I'm saying the graph of $\displaystyle f$ is (topologically) closed as a subset of $\displaystyle \mathbb{R} ^2$ (it's easy to check the complement is open).
• Aug 15th 2009, 12:03 AM
Opalg
Quote:

Originally Posted by Kat-M
In a metric space $\displaystyle (S,d)$, let $\displaystyle A$ and $\displaystyle B$ be disjoint closed subsets of$\displaystyle S$. Prove that $\displaystyle \exists$ disjoint open sets $\displaystyle U$ and $\displaystyle V$ of $\displaystyle S$ such that $\displaystyle A \subset U$ and $\displaystyle B \subset V$.

For each point $\displaystyle x\in S$, define $\displaystyle d(x,A) = \inf\{d(x,s):s\in A\}$. Then $\displaystyle d(x,A) = 0\ \Longleftrightarrow\ x\in A$. (That is because A is closed. In fact, that condition is equivalent to A being closed.) Similarly, define $\displaystyle d(x,B) = \inf\{d(x,s):s\in B\}$. Again, this will be 0 if and only if $\displaystyle x\in B$.

Now let $\displaystyle U = \{x\in S: d(x,A)<d(x,B)\}$ and $\displaystyle V = \{x\in S: d(x,A)>d(x,B)\}$. All you have to do now is to show that U and V are open.
• Aug 15th 2009, 11:24 AM
Kat-M
closed set
Quote:

Originally Posted by Opalg
For each point $\displaystyle x\in S$, define $\displaystyle d(x,A) = \inf\{d(x,s):s\in A\}$. Then $\displaystyle d(x,A) = 0\ \Longleftrightarrow\ x\in A$. (That is because A is closed. In fact, that condition is equivalent to A being closed.)

so if $\displaystyle x \in S$ is an elemnt of $\displaystyle B$, $\displaystyle d(x,A) > 0$ since $\displaystyle x \notin A$. Is that correct? if so, doesnt putnam120's argument work?
• Aug 15th 2009, 11:41 AM
Opalg
Quote:

Originally Posted by Kat-M
so if $\displaystyle x \in S$ is an elemnt of $\displaystyle B$, $\displaystyle d(x,A) > 0$ since $\displaystyle x \notin A$. Is that correct? if so, doesnt putnam120's argument work?

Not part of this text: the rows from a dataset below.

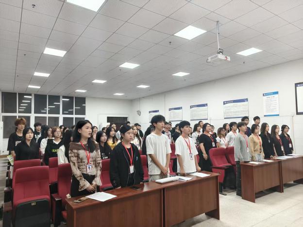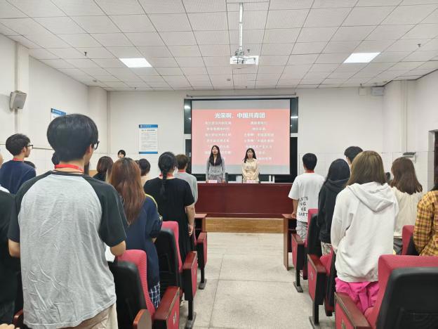 大会在庄严的《中国共产主义青年团团歌》中拉开序幕。全体成员肃立齐唱,激昂的旋律展现了学生骨干昂扬向上的精神风貌与坚定的理想信念。
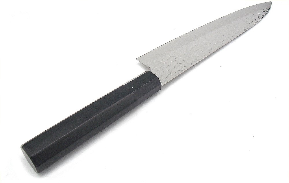 Coltello cuoco professionale giapponese da cucina. Lunghezza lama 22 cm, larghezza lama massima 4,5 cm, lunghezza totale 34,5 cm. Lama Sandvik, la parte esterna martellata crea un effetto antiaderente ed è realizzata in acciaio inossidabile 410, mentre la parte del filo tagliente è in acciaio inossidabile giapponese VG10 con alto contenuto di carbonio e raggiunge una durezza di HRC 59-60, che garantisce un taglio efficace e duraturo nel tempo.. Manico in POM nero ,di forma ottagonale, confortevole, resistente, igienico e duraturo. Prodotto in Giappone. Peso lordo: 310 grammi.
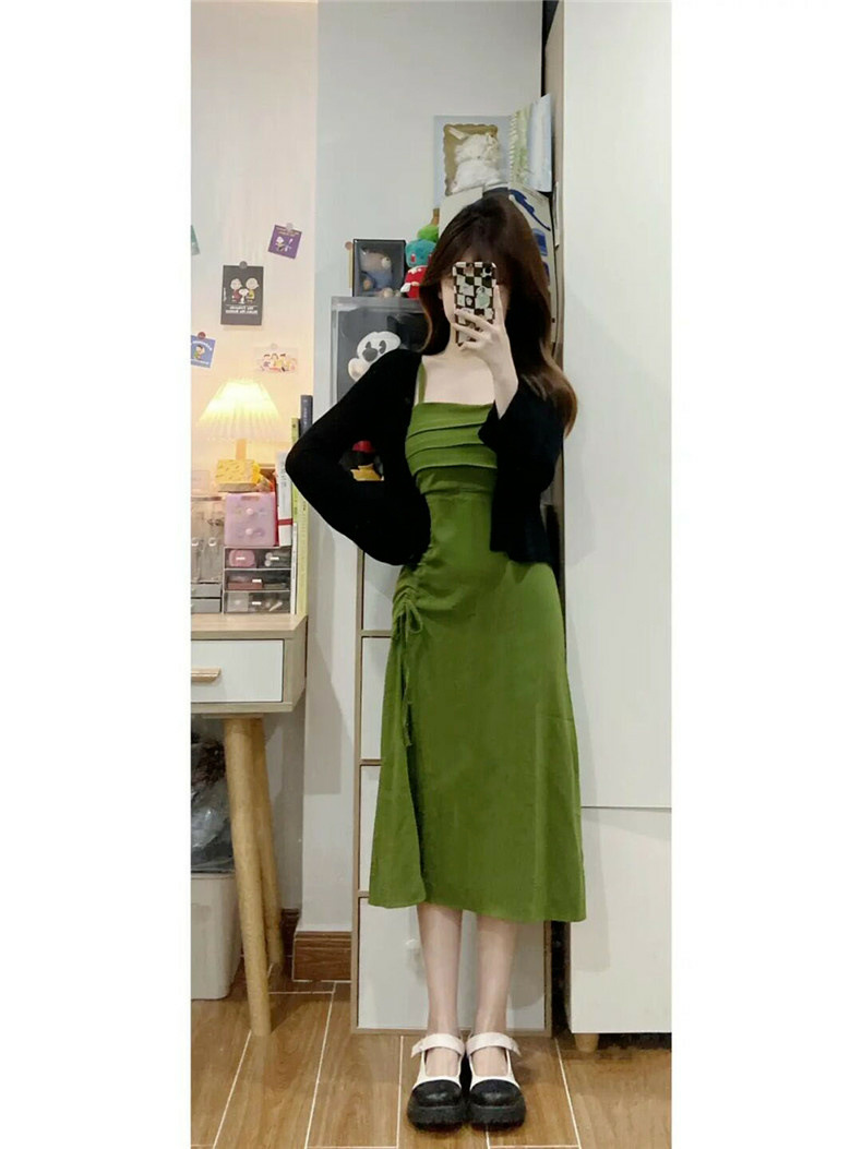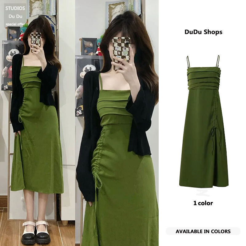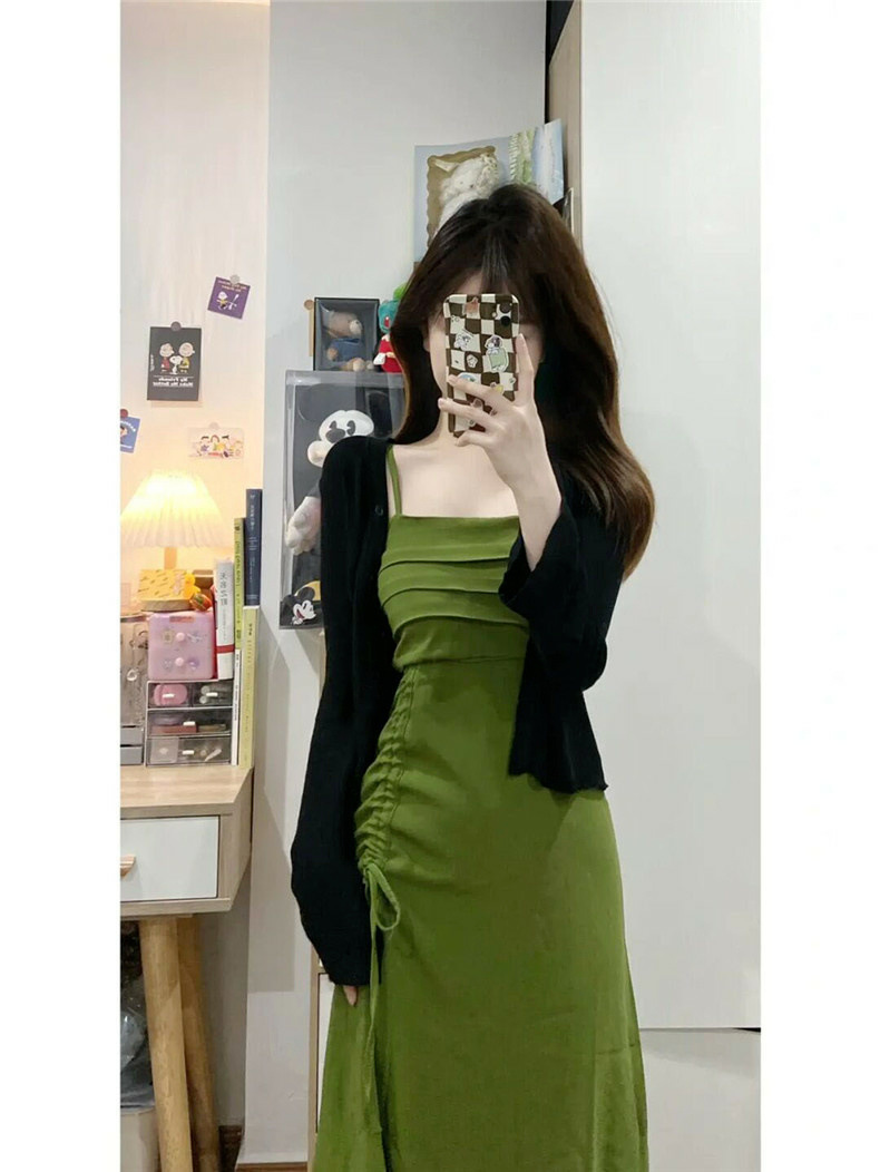 2024 Early Spring New Design Hot Girl Green dress Sling Women s Platycodon Grandiflorum French Hot Girl Sunscreen Two piece Set
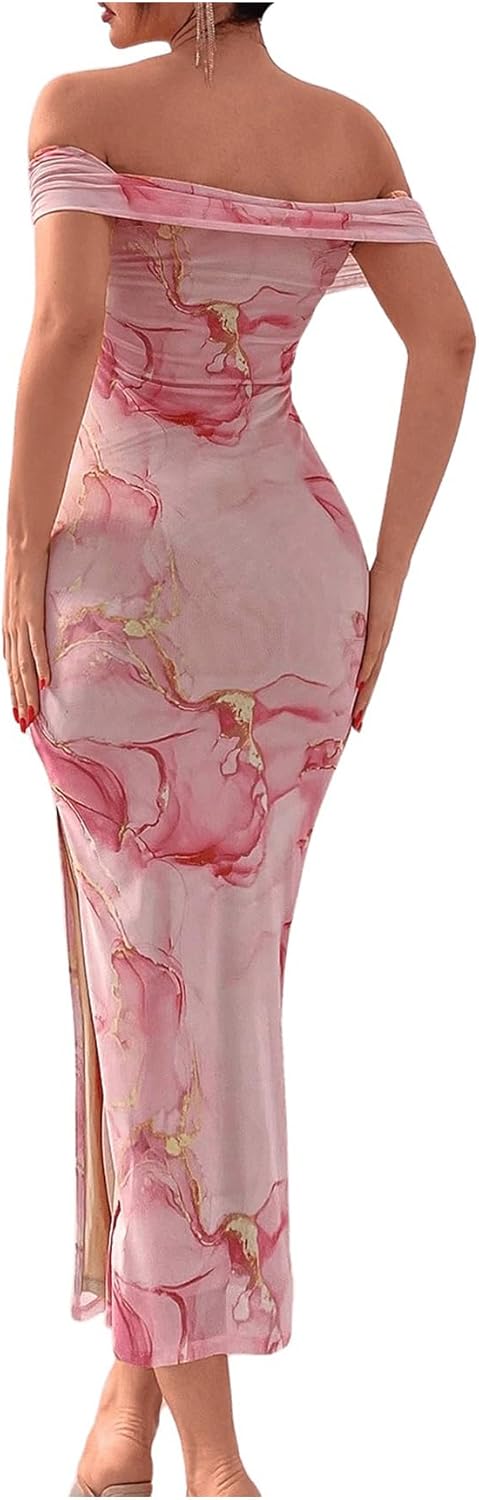 Women’s Floral Print Off Shoulder Short Ruched Bodycon Long Dress

That is correct: if $\displaystyle x\in B$ then $\displaystyle d(x,A) > 0$. But putnam120's argument doesn't work for the reason pointed out by Jose27. The distance from B to A can be zero, as shown by the example of the two components of the graph of y=1/x^2. But the distance from any individual point in B to A must be strictly positive.
• Aug 15th 2009, 12:39 PM
putnam120
Quote:

Originally Posted by Kat-M
so if $\displaystyle x \in S$ is an elemnt of $\displaystyle B$, $\displaystyle d(x,A) > 0$ since $\displaystyle x \notin A$. Is that correct? if so, doesnt putnam120's argument work?

My argument doesn't work because I took the $\displaystyle \inf$ over all pairs $\displaystyle x\in{A}$ and $\displaystyle y\in{B}$. But Opalg's argument you look at a particular $\displaystyle x\in{S}$. To see that $\displaystyle d(x,A)>0$ if $\displaystyle x\notin{A}$ just use the limit point definition of a closed set.

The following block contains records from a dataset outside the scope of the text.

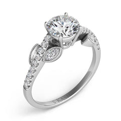 This Engagement Ring is available in 14K White Gold. There are a total of 22 stones. There are Marquise with a total carat weight of 0.12 set in a Bezel Set|Micro Prong setting.There are Rounds stones with a total carat weight of 0.15 set in a Bezel Set|Micro Prong.
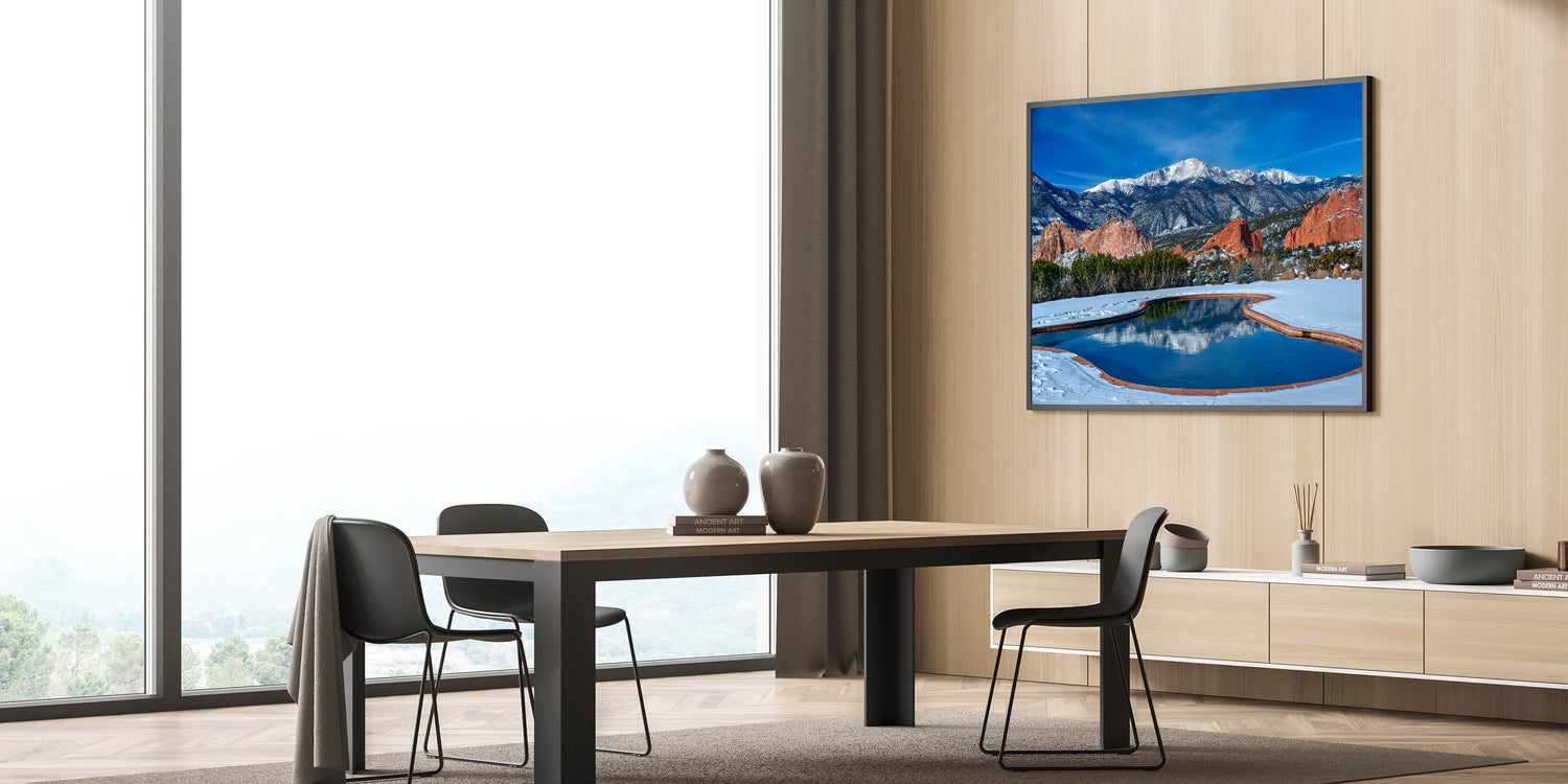 Bring the serene beauty of Colorado Springs into your home with this stunning canvas print featuring a snowy Pikes Peak reflected in a still pool of water. The vibrant red rock formations contrast beautifully with the crisp blue sky and snow-covered mountains, creating a breathtaking scene that captures the essence of winter in Colorado. This artwork is perfect for nature lovers who appreciate the peacefulness of a snowy landscape paired with the rugged beauty of the Rocky Mountains.
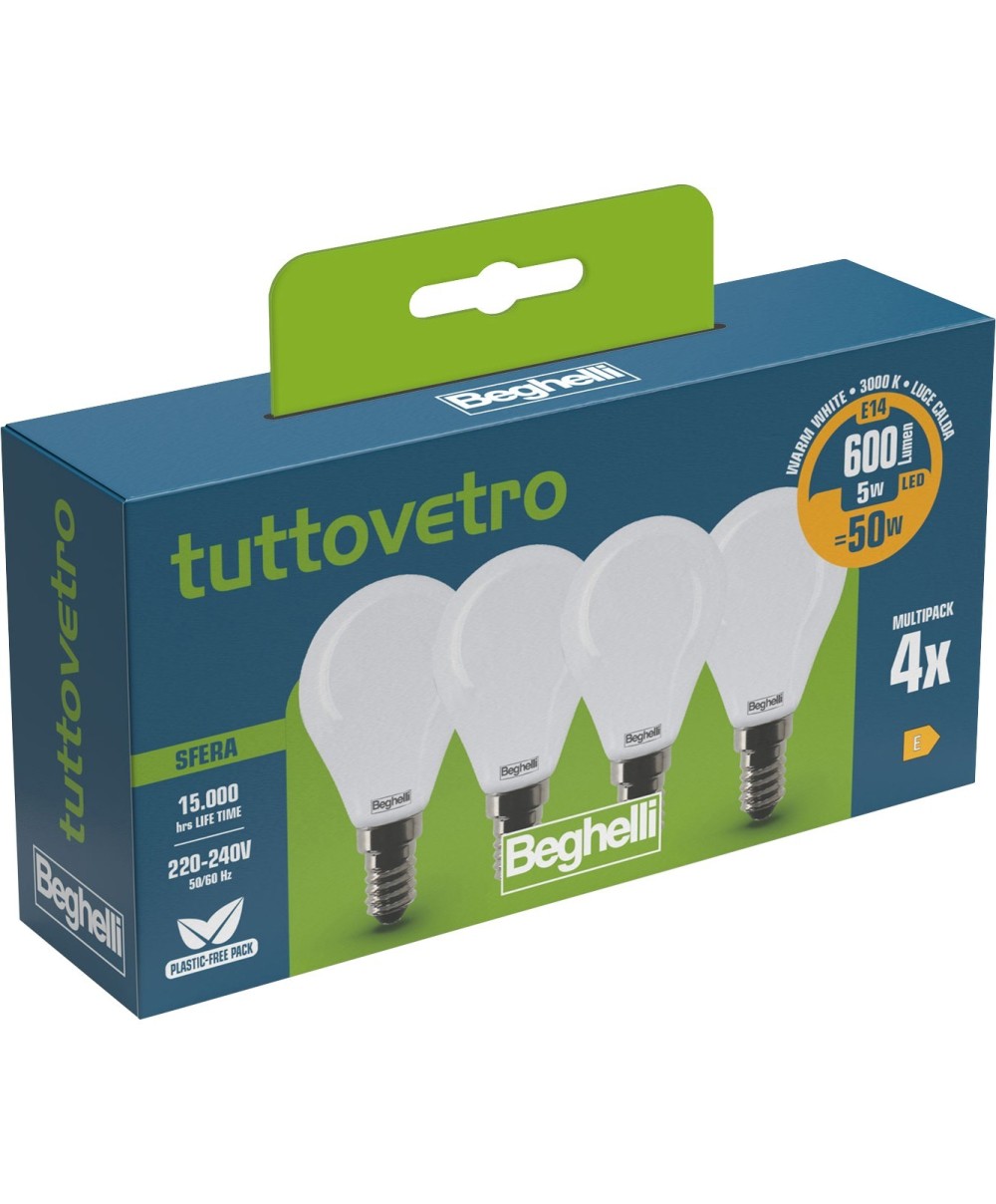 Beghelli led sfera e14 5w 58056 calda 3000k set 4 - CF 10

I have a question for Jose27: How are you able to see that my original argument would work if one of A or B were compact?
• Aug 15th 2009, 02:53 PM
Enrique2
Quote:

Originally Posted by putnam120
My argument doesn't work because I took the $\displaystyle \inf$ over all pairs $\displaystyle x\in{A}$ and $\displaystyle y\in{B}$. But Opalg's argument you look at a particular $\displaystyle x\in{S}$. To see that $\displaystyle d(x,A)>0$ if $\displaystyle x\notin{A}$ just use the limit point definition of a closed set.

I have a question for Jose27: How are you able to see that my original argument would work if one of A or B were compact?

Let me get into this nice discussion. If A is compact $\displaystyle d(\cdot,B):A\to R^+$, $\displaystyle x\mapsto d(x,B)$ is a continuous function, hence the infimum is attained (it is a minimum I mean). It can't be 0, if this were the case x would belong to $\displaystyle B$ since $\displaystyle B$ is assumed to be closed, contradicting the assumed disjointness.